I recently took my kids to visit my parents in Michigan, and that’s always weird for me because I’m this strange generational bridge between them and they wouldn’t even KNOW each other if it wasn’t for me. I’m the thread that holds everybody together, and yet the world doesn’t revolve around me, which is a terrible injustice.
If I had to pick an event that summed up our trip, I’d have to go with our trip to the hibachi grill where we were treated to teppanyaki cuisine in a family friendly environment and great fun was had by all. Hibachi is a great metaphor for life because, as pictured, the entertaining chef hurled vegetables through the air and we tried to catch it with our wide open mouths and sometimes a zucchini would smack you in the cheek. What I mean to say is that when a zucchini smacks you in the cheek, you should never give up. Just open your mouth and try again. When your life is dark and stormy, keep your head up, open your mouth, and the world will rain vegetables. Do you see? It is just like that.
The chef asked everyone what we wanted to order for lunch and, when my daughter said “Chicken,” he put a rubber chicken on her plate and that’s when we knew that this was a much bigger adventure than your ordinary meal. It was a meal performance. Meal as art. A meal designed to wedge us free from our subjectivity and view our situations from a less literal perspective. Did my daughter want a rubber chicken for lunch? Of course she didn’t. But she didn’t specify that she wanted regular cooked chicken and the chef thwarted all our expectations, resulting in an raucous expenditure of hilarity by all.
When the chef tried to spray sake in my mouth, I refused because I’m a recovering alcoholic and a relapse is still a relapse when a hibachi chef is spraying sake in your mouth. The idea to let him do it crossed my mind, to burn down my entire life in exchange for an endless cycle of depressing my nervous system that harmed everyone who loved me. Isn’t that crazy? I know. It’s the hibachi grill! Burn it!

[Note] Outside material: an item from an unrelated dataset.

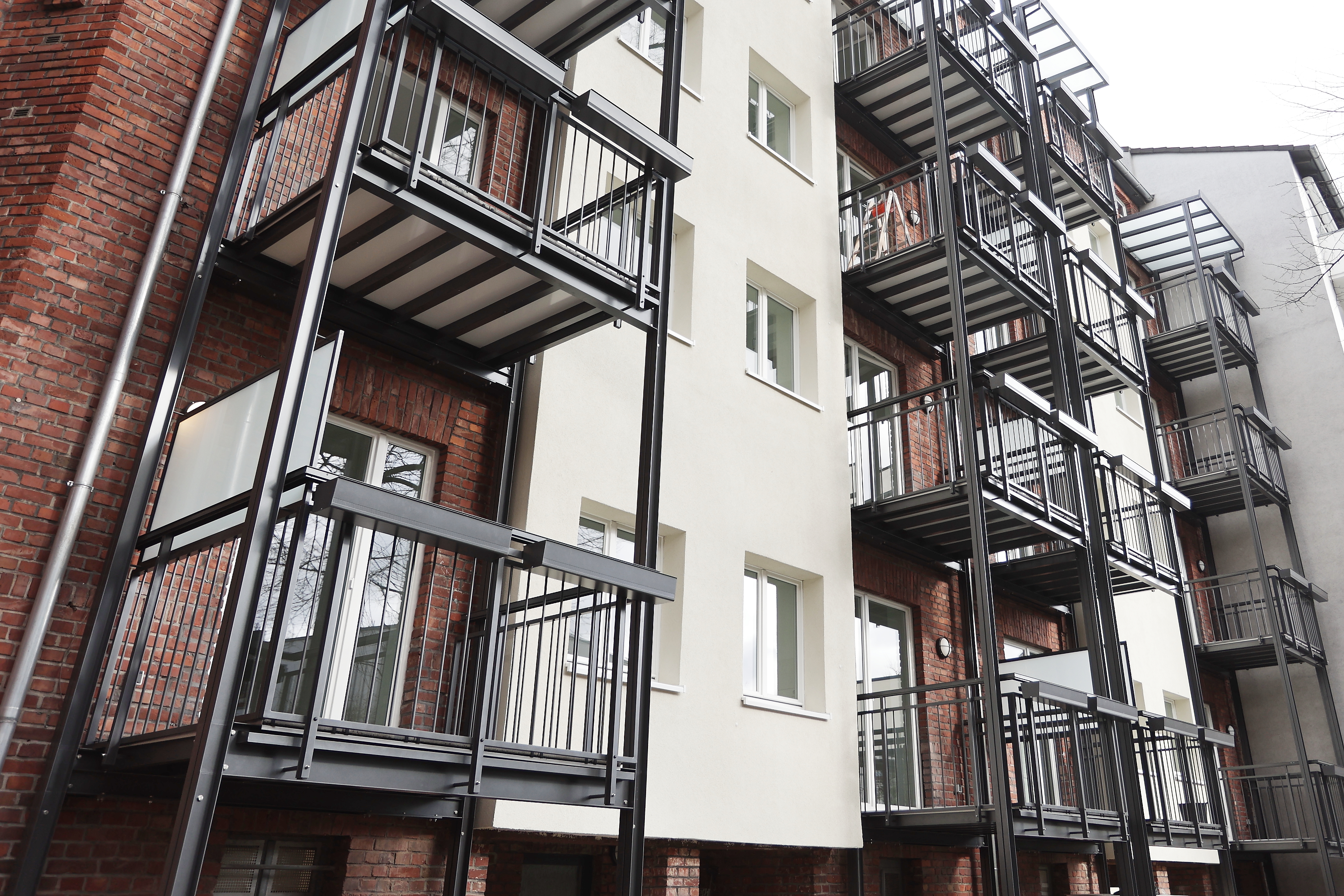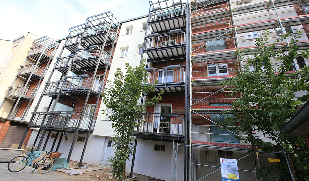 Ein Highlight sind die neuen vorgebauten Balkone zu jeder Wohnung. Sie bedeuten eine Steigerung der Wohnqualität für die Mieterinnen und Mieter, denn bisher verfügten die Häuser über keine Balkone. In allen Wohnzimmern werden große Durchbrüche für die Balkontüren hergestellt. So gelangt dann auch mehr Licht in die Wohnungen. Dabei werden nicht nur die neuen Balkontüren eingesetzt, sondern auch alle Fenster ersetzt. Diese optische Aufwertung spart Heizkosten.

Speaking of burning it, the chef squirted a bunch of stuff on the hibachi grill, lit it, and an enormous flame nearly singed all our eyelashes. It was really cool because who doesn’t love bonfires on the grill at lunch? Fire makes me think about the way the present is constantly consumed in the fire of the future and how we’re all flames in One Big Soul Fire or something cool like that and maybe love is a fire or lust and passion burns and resentment and it’s better to burn out than to fade away. Heraclitus said the world was a fire and Thales was stoking his fire when he said “The world is full of gods,” and when I was a small boy, I burned my hands very badly in a fire. There’s a Dogen quote about burning so purely that you leave no ash, which is a good way to be, and I love arsonists because, when something gets in their way, they just light it on fire like The Doors and remember when Jimi Hendrix lit his guitar on fire and sprayed it with lighter fluid? That’s how my family is, in a good way. You have to read between the lines.
The chef made a volcano of onions on the hibachi grill and lit it on fire. That is all your ideas about the world, everything you think you know.
Man, he was good with the knives and the spatulas and click clack on the grill and spinning them through the air – mesmerizing. And how does this sum up our trip? I don’t know but that’s exactly it because not knowing is the thing, not knowing what’s coming next but being nimble like a hibachi chef juggling knives and rubber chickens and not taking yourself so serious because life is performance art and, in order to truly see that, you need to burn down the literal, find yourself in metaphors, open your mouth when the zucchinis come, and hug your mom. Hug your mom because your mom loves you and she can finally sleep at night because you order Diet Cokes and pass when it’s your turn to be squirted with sake.